The Prof gives his students unique feedback


[After I finished an exercise]
Prof: “You look totally gay.”
Me: “I try.”
Prof: “You should be a model for gay clothing. In Kosovo. Gay clothing in Kosovo. In the northern part; it is more boring there.”

[After I finished an exercise with a partner]
Prof: “Bon. Absoloutely horrible. Who wants to kill the girl?” [Several students raise their hands] “And who wants to slap Monsieur?” [Several students enthusiastically offer to slap me]. “You two will open the class tomorrow. And you will suffer. A lot. Get ready tonight. Rub some cream on your body.”

Prof: [After a girl finishes an exercise] “You are from Denmark, no? You are nice and boring, like everyone in Scandanavia. Worse is Canada. Canada is top level boring. People go to Canada, walk in the woods, maybe see a bear. Terrible.”

Prof: “Thank you for that horrible moment.”

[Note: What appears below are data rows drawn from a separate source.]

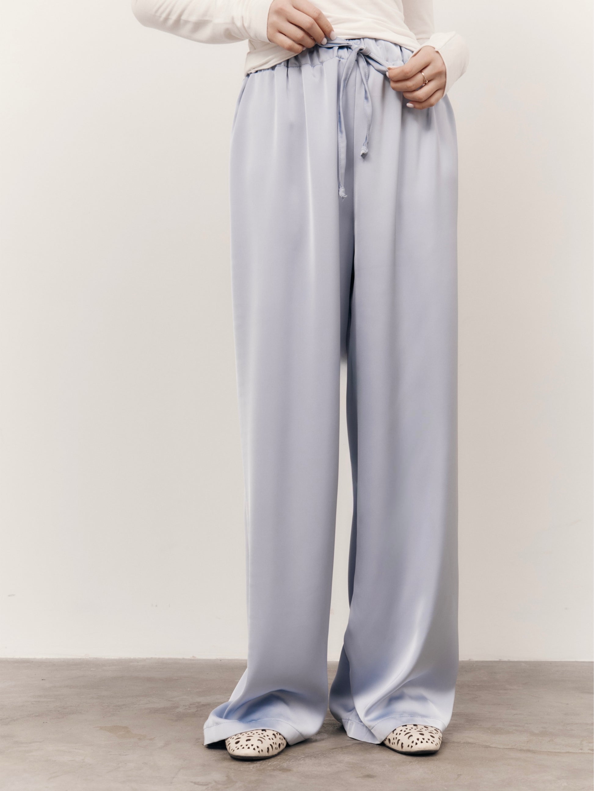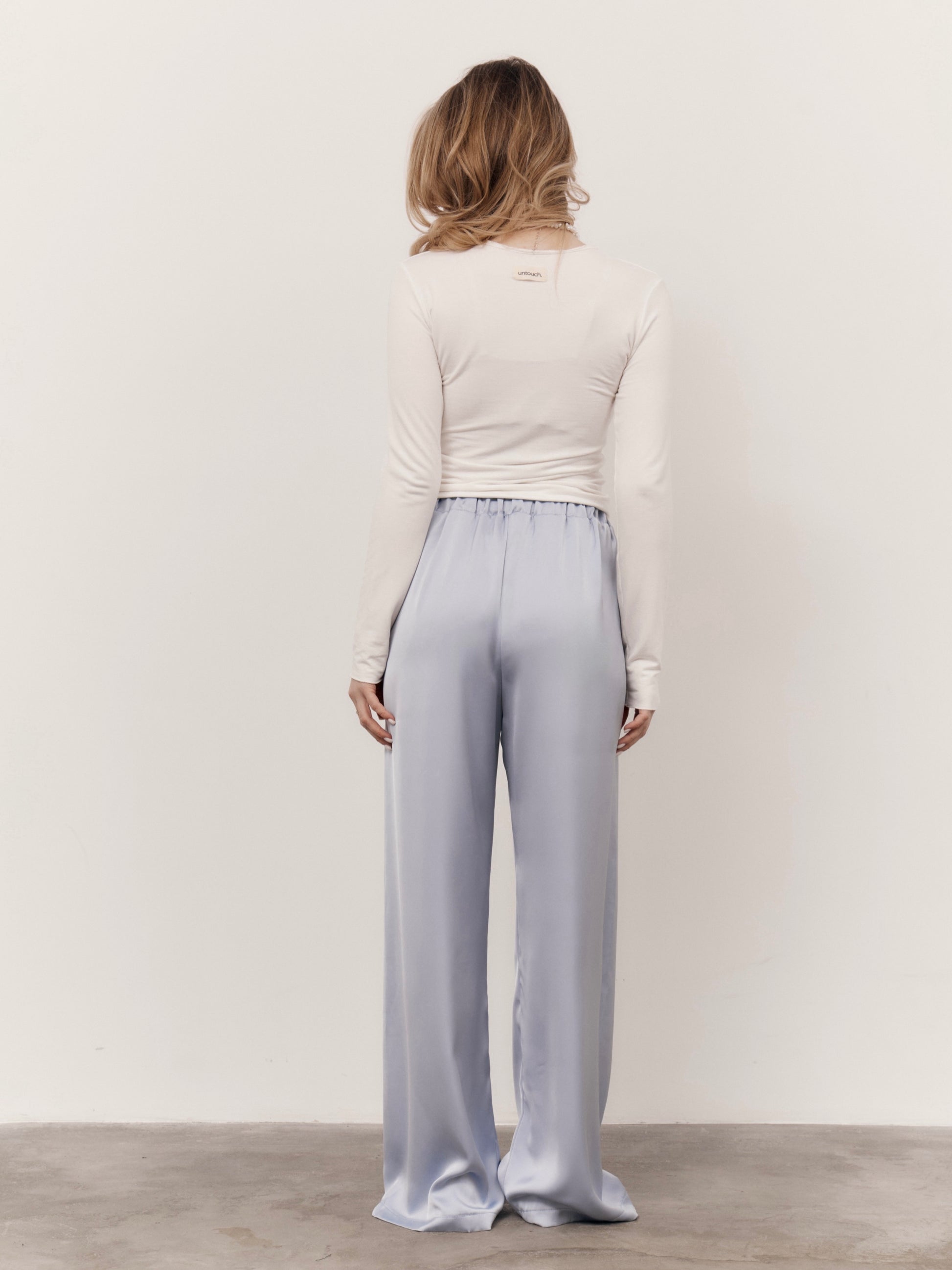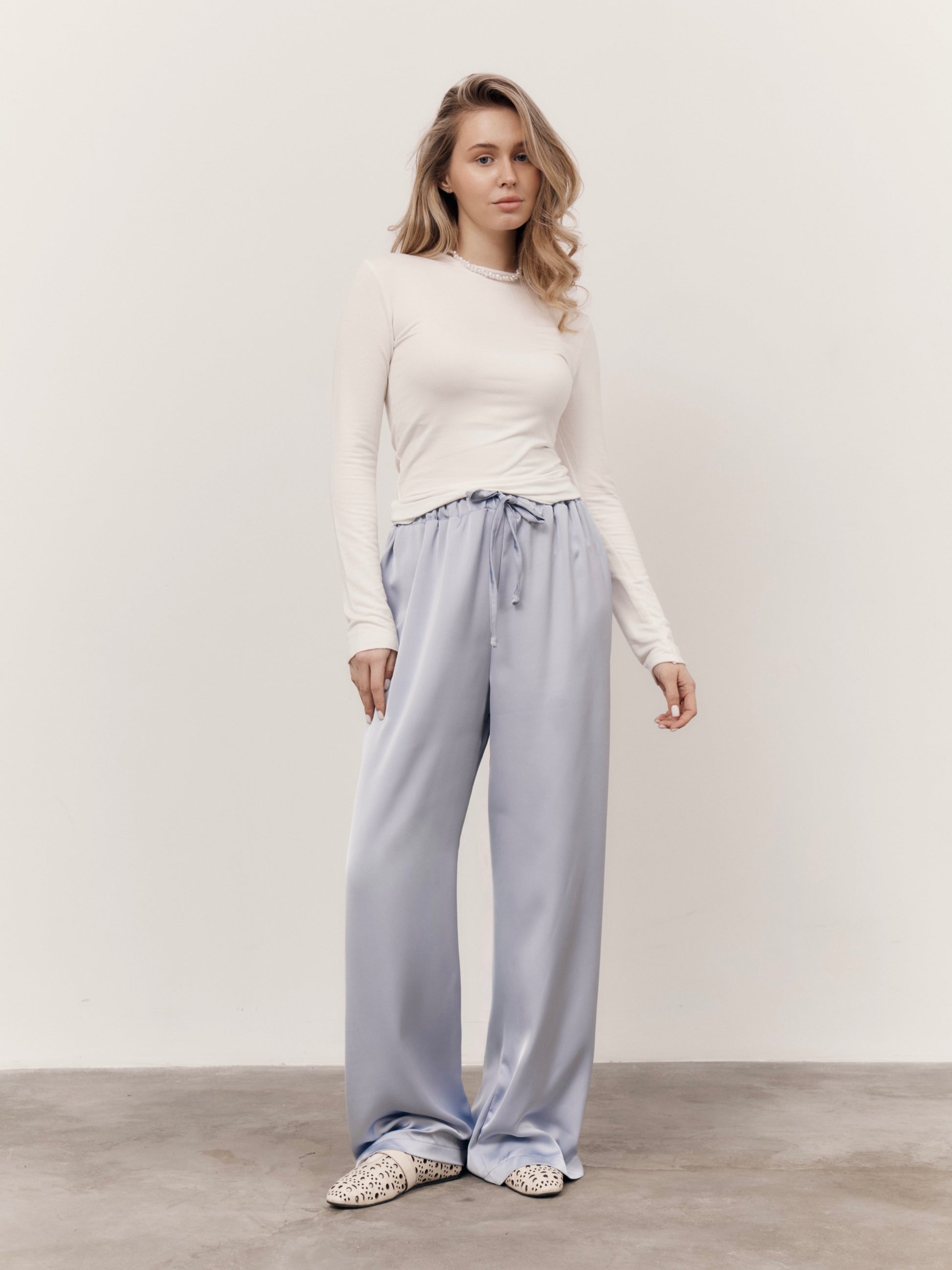 Сатинові штани прямого та вільного крою. Прохолодна до тіла тканина, яка майже не мнеться та не залишає зачіпок.
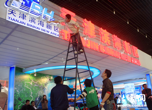 在组委会有关负责人的引领下,记者参观了尚未收工的国际展览中心布展现场。与往届相比,记者最大的感触就是各展区分布整齐,设计统一。其中,滨海新区作为本市推介展示重点,展区坐落在一号馆一层的入口处,其周边分布着开发区、保税区、天津港集团及塘沽、汉沽、大港等展区,以图片、模型、多媒体等多种形式,突出展示滨海新区发展规划、发展前景和重大发展项目,全方位推介滨海新区良好的投资环境和投资政策。中粮集团展区也坐落于此,从展区的布置到展品的推出无不充分展现出中央大企业的气势与风范。
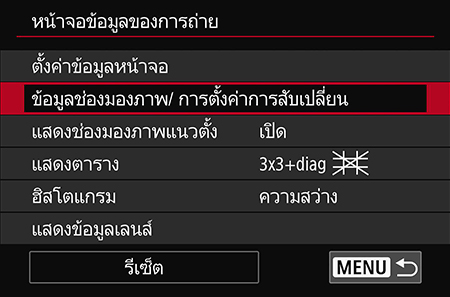 หากต้องการดูฮิสโตแกรมในหน้าจอ EVF ของคุณ ให้เลือก “ข้อมูลช่องมองภาพ/การตั้งค่าการสับเปลี่ยน” และทำขั้นตอนที่ 3 และ 4 ซ้ำอีกครั้ง หมายเหตุ: หน้าจอ VF แรกจะไม่สามารถแก้ไขได้

Prof: “He acts like a complete idiot. Maybe tonight you go home, you eat some fish.”

Prof: “When she moves her body, do you think that this is a beautiful body? Could she be Nureyev’s sister? Or do you think that maybe this is a hippopotamus on her birthday having an erotic crisis?”

Prof: “She has beautiful eyes. They are alive like the Virgin Mary when Joseph says ‘Lets go to restaurant.’ “

Me: “Monsieur, your class is totally different from anything I have ever done.”
Prof: “Well you are from America. American actors are very boring. I taught in America. Completely boring. Everyone.”

Prof: [After a student finishes an exercise]: “Would you like to spend six months on an island with this woman, or would you like to kill her and put her into several trash bags in the back of a London pub?”